Спектральное кариотипирование и многоцветная FISH
Ограничение возможностей СГГ при выявлении сбалансированных хромосомных перестроек восполняется с помощью многоцветного окрашивания всех хромосом при однократной гибридизации. Спектральное кариотипирование и многоцветная FISH (M-FISH) — взаимосвязанные методы молекулярно-генетического анализа, которые способны идентифицировать сбалансированные хромосомные перестройки. При обоих методах молекулярно-генетической диагностики каждая из хромосом в метафазе маркируется специфическим цветом, что позволяет одновременно визуализировать всю совокупность хромосом. 24 маркированных хромосомных зонда и 5 флюорохромов применяются в комбинации, что приводит к созданию комбинаторной схемы, в которой каждая из 22 аутосом, а также X- и Y-хромосомы окрашены в разные цвета. M-FISH требует применения специфических комплектов фильтров для каждого из 5 флюорохромов; при спектральном кариотипировании применяются спектроскопия и интерферометр для оценки паттернов флюоресцентной эмиссии.
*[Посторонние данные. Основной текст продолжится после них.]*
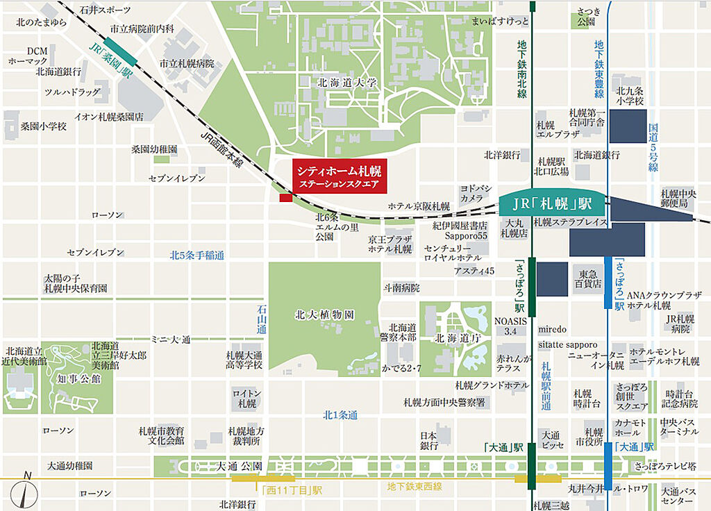 JR函館本線「札幌」駅 徒歩12分 札幌市営南北線「さっぽろ」駅 徒歩14分 札幌市営東西線「西11丁目」駅 徒歩12分 | ||||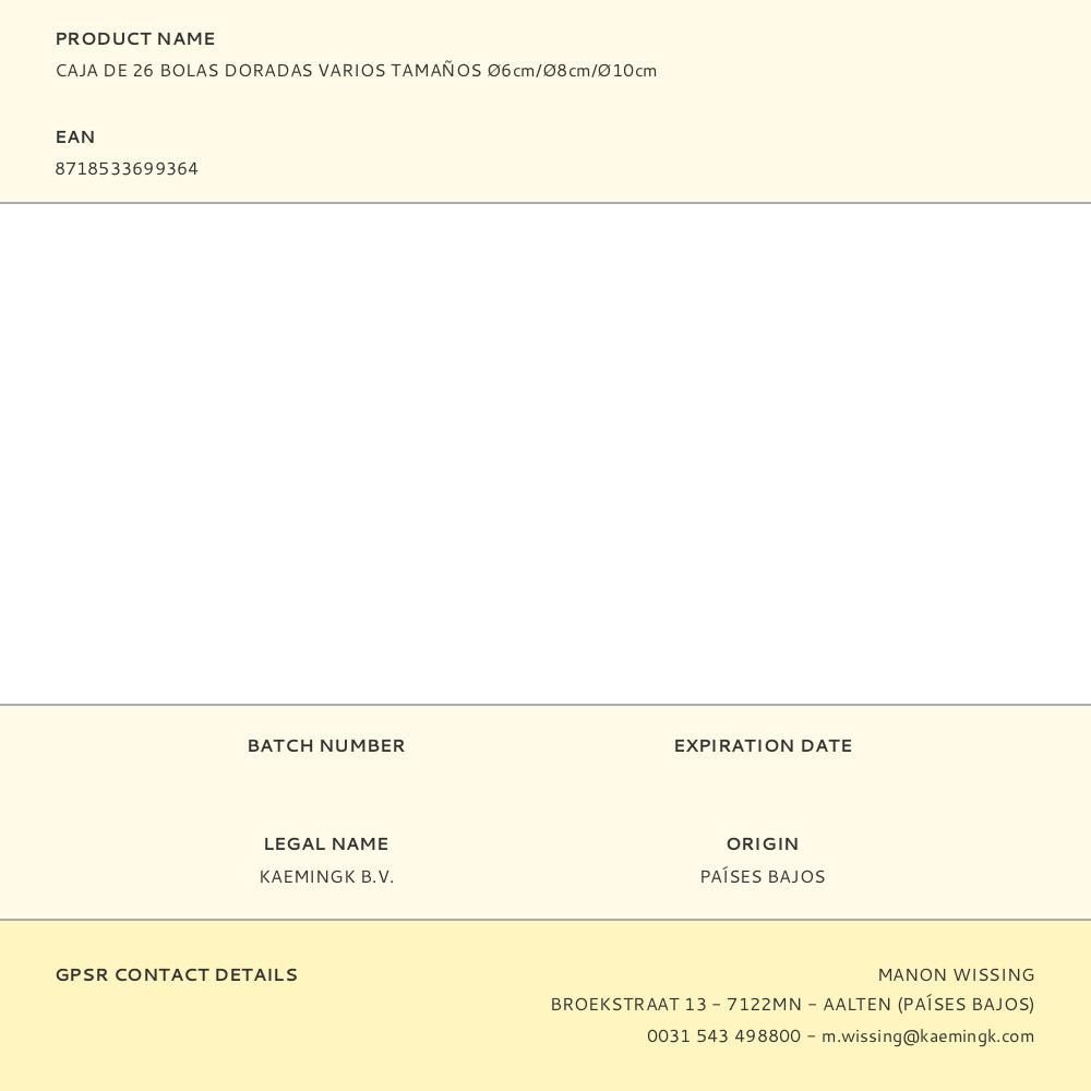 CAJA DE 26 BOLAS DORADAS VARIOS TAMAÑOS Ø6cm/Ø8cm/Ø10cm (diámetro)

Эти методы позволяют выявить сложные хромосомные перестройки, мелкие транслокации и маркированные хромосомы. Недостатки методов включают невозможность идентифицировать мелкие интрахромосомные делеции или дупликации, а также перицентрические или парацентрические инверсии.
Методы ДНК-анализа
Молекулярные цитогенетические методы повышают диагностические возможности для выявления хромосомных делеций или дупликаций (содержащих десятки или сотни генов). Другие методы ДНК-анализа позволяют выявить изменения в отдельных генах. Проведение ДНК-анализа возможно в связи с тем, что ДНК — это относительно стабильная молекула, которая может быть изолирована из любых ядросодержащих клеток и сохранена для дальнейших исследований. Наиболее часто ДНК выделяют из лейкоцитов; другие ткани, применяющиеся для этого, включают амниотические клетки и ворсины хориона (при пренатальной диагностике), клетки, полученные из мазка со слизистой оболочки щеки, и фибробласты, полученные при биопсии кожи. При заборе этих тканей, как правило, удается выделить достаточное количество ДНК. Современные методы молекулярно-генетической диагностики, такие как полимеразная цепная реакция (ПЦР), позволяют амплификацию ДНК, полученной всего из одной или нескольких клеток.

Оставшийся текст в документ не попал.